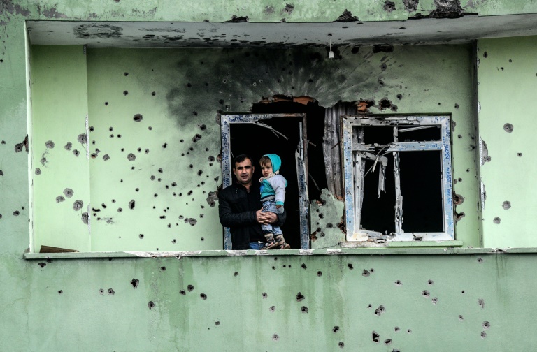 رجل يحمل رضيعا ويقف على شرفة منزل اصيبت واجهته بشظايا بعد رفع حظر التجول في سيلوبي بجنوب شرق تركيا
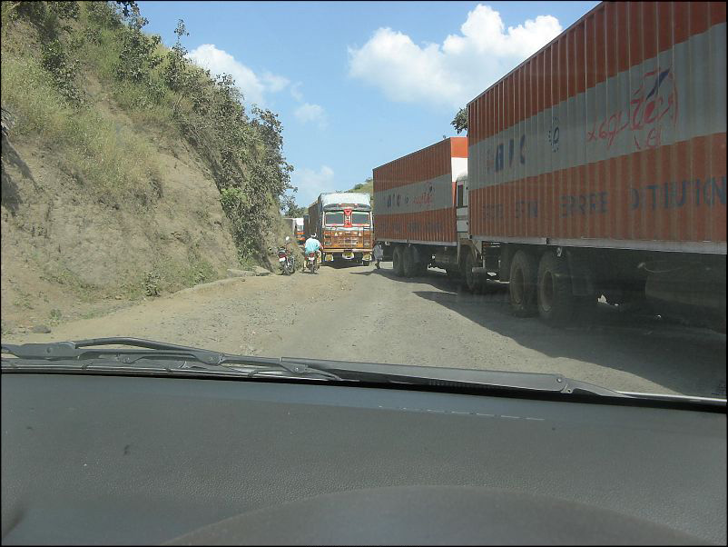 Cruce de Borghat, en la carretera general que une Nueva Delhi con Bhopal, capital del estado de Madhya Pradesh. Lo peor no es que sea de tierra sino la cantidad de camiones que lo atraviesan. Superar este cruce suele llevar 45 minutos de espera.
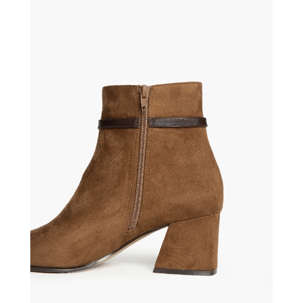 Botín de tacón medio. Detalle de tira fina con hebilla en la parte superior de la caña. Cremallera en la parte lateral interior. Tacón acho.
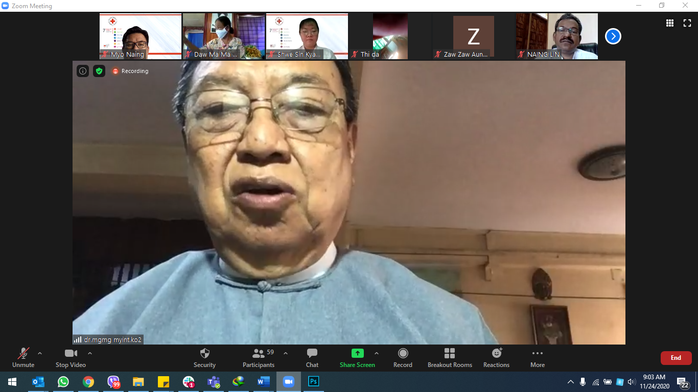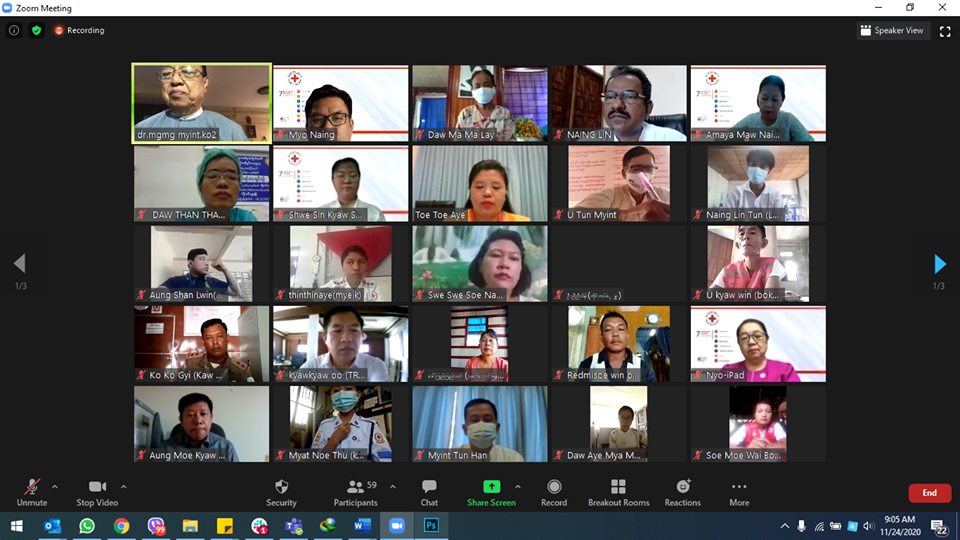ရှေးဦးပြုစုခြင်းဥာဏ်စမ်းပြိုင်ပွဲနှင့် ကြက်ခြေနီဘာသာရပ်ဆိုင်ရာ စာစီစာကုံးပြိုင်ပွဲများတွင် ဆုရရှိသူများအား ဆုချီးမြှင့်သည့် အွန်လိုင်း အခမ်းအနားပြုလုပ်
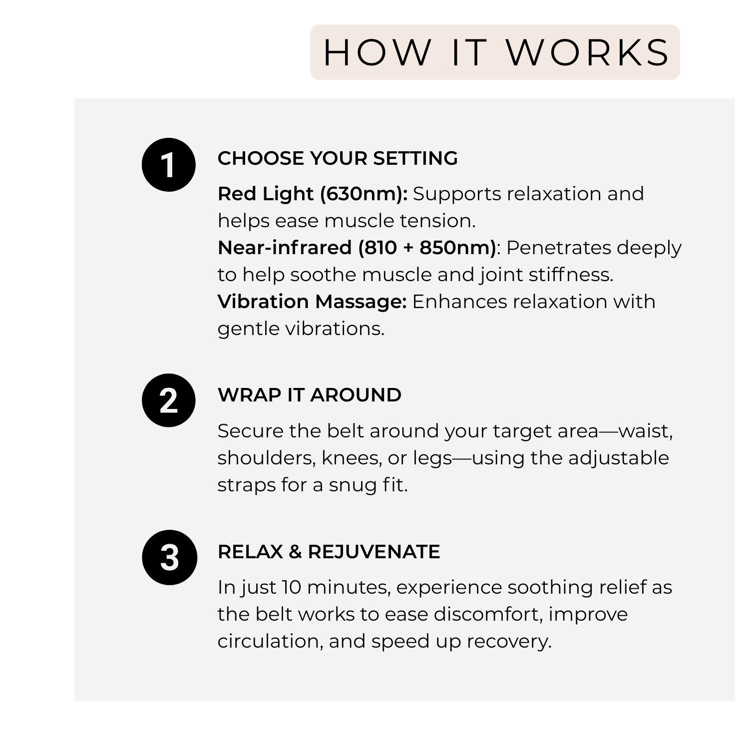 Using clinically supported wavelengths of red (630nm)and near-infrared (810nm and 850nm) light, the device delivers targeted soothing effects to areas such as the lower back, abdomen, shoulders, and other body zones.
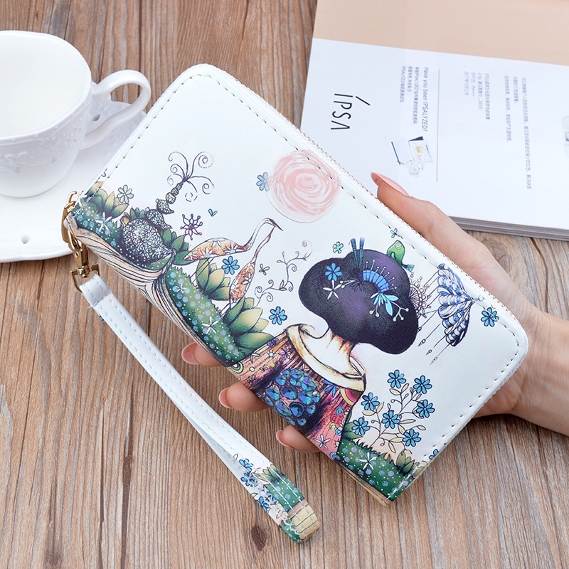 새로운 여성 지갑 여성용 긴 지퍼 클러치 소프트 지갑 한국어 인쇄 패션 학생 변경 휴대 전화 가방

━━━━━━━━━━━━━━━━━━━━━━━━━━━━━━

§ To do: Would you copy out every line of the data above exactly, minus the pictures?

§ Reply to the task:
 رجل يحمل رضيعا ويقف على شرفة منزل اصيبت واجهته بشظايا بعد رفع حظر التجول في سيلوبي بجنوب شرق تركيا
 Cruce de Borghat, en la carretera general que une Nueva Delhi con Bhopal, capital del estado de Madhya Pradesh. Lo peor no es que sea de tierra sino la cantidad de camiones que lo atraviesan. Superar este cruce suele llevar 45 minutos de espera.
 Botín de tacón medio. Detalle de tira fina con hebilla en la parte superior de la caña. Cremallera en la parte lateral interior. Tacón acho.
ရှေးဦးပြုစုခြင်းဥာဏ်စမ်းပြိုင်ပွဲနှင့် ကြက်ခြေနီဘာသာရပ်ဆိုင်ရာ စာစီစာကုံးပြိုင်ပွဲများတွင် ဆုရရှိသူများအား ဆုချီးမြှင့်သည့် အွန်လိုင်း အခမ်းအနားပြုလုပ်
 Using clinically supported wavelengths of red (630nm)and near-infrared (810nm and 850nm) light, the device delivers targeted soothing effects to areas such as the lower back, abdomen, shoulders, and other body zones.
 새로운 여성 지갑 여성용 긴 지퍼 클러치 소프트 지갑 한국어 인쇄 패션 학생 변경 휴대 전화 가방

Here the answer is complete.